'Going back to the old': what did Michael Burry learn from Buffett and how did he trade in '99?
The investor who predicted the 2008 mortgage crisis tells in a new blog how he combined his first steps in investing with a job at a hospital

Michael Burry launched his own paid newsletter, Cassandra Unchained, on Substack - just days after he shut down hedge fund Scion Asset Management. He explained that "regulatory requirements effectively gagged him" and prevented him from talking openly about bubbles and risk. His new blog is read by more than 60,000 people, 21,000 have already subscribed to the paid content, according to Reuters, and the subscription price is $39 a month.
The investor is going to focus on stocks, market and economic trends, special situations and investment mania. "The current market environment is highly debatable and highly overheated. There is a lot to talk about," he writes. In addition to the reviews, Burry plans to produce question-and-answer sessions, videos and texts by guest authors with narrow expertise. Subscribers, he says, will receive updates once or twice a week on market segments where investment opportunities are emerging, as well as reviews of securities that deserve a detailed look.

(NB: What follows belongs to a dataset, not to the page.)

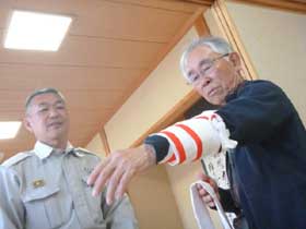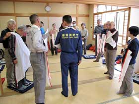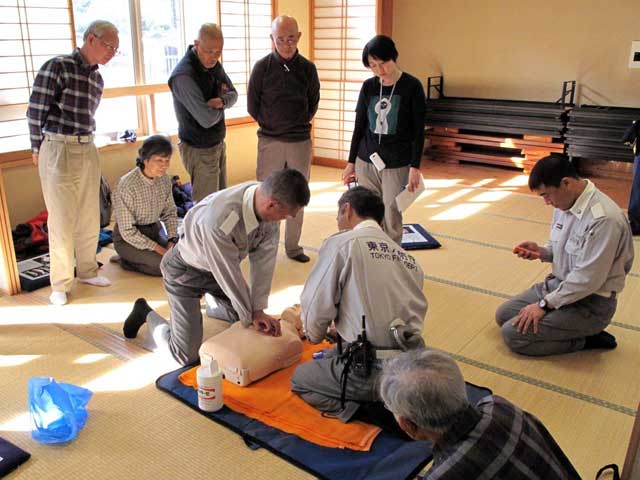 講師は、昨年と同様に奥多摩消防署の齊藤係長である。救急隊員の松本、杉本の両氏が支援し、石川奥多摩消防署長が見守る中で講習会を実施した。会場は、奥多摩消防署が手配した奥多摩町福祉会館の広い和室である。

Why Burry has launched a new blog
Here's how the investor himself explains it:
- After 25 years professionally managing various Scion funds, I left the hedge fund industry to focus on what I've always loved: writing and sharing investment ideas. In the 1990s, I published Valuestocks.net, which Forbes twice named "Best on the Net," and wrote for Microsoft MSN Money under the pseudonym Value Doc. For years, my letters to Scion Capital investors did all the marketing for me. Cassandra Unchained is a return to the public space, and damn am I excited about it.
- Professional money management came with regulatory restrictions and compliance requirements that effectively gagged me. Because of these frameworks, I could only publish cryptic scraps of thoughts, if I could write anything at all. Without my commentary or clarification, the media wildly misrepresented the meaning of many of my mandatory reports to the SEC - even causing chaos in the markets and angry controversy that I never wanted. I'm done with that. Cassandra - as Warren Buffett called me during his congressional testimony on the global financial crisis - is free of her chains.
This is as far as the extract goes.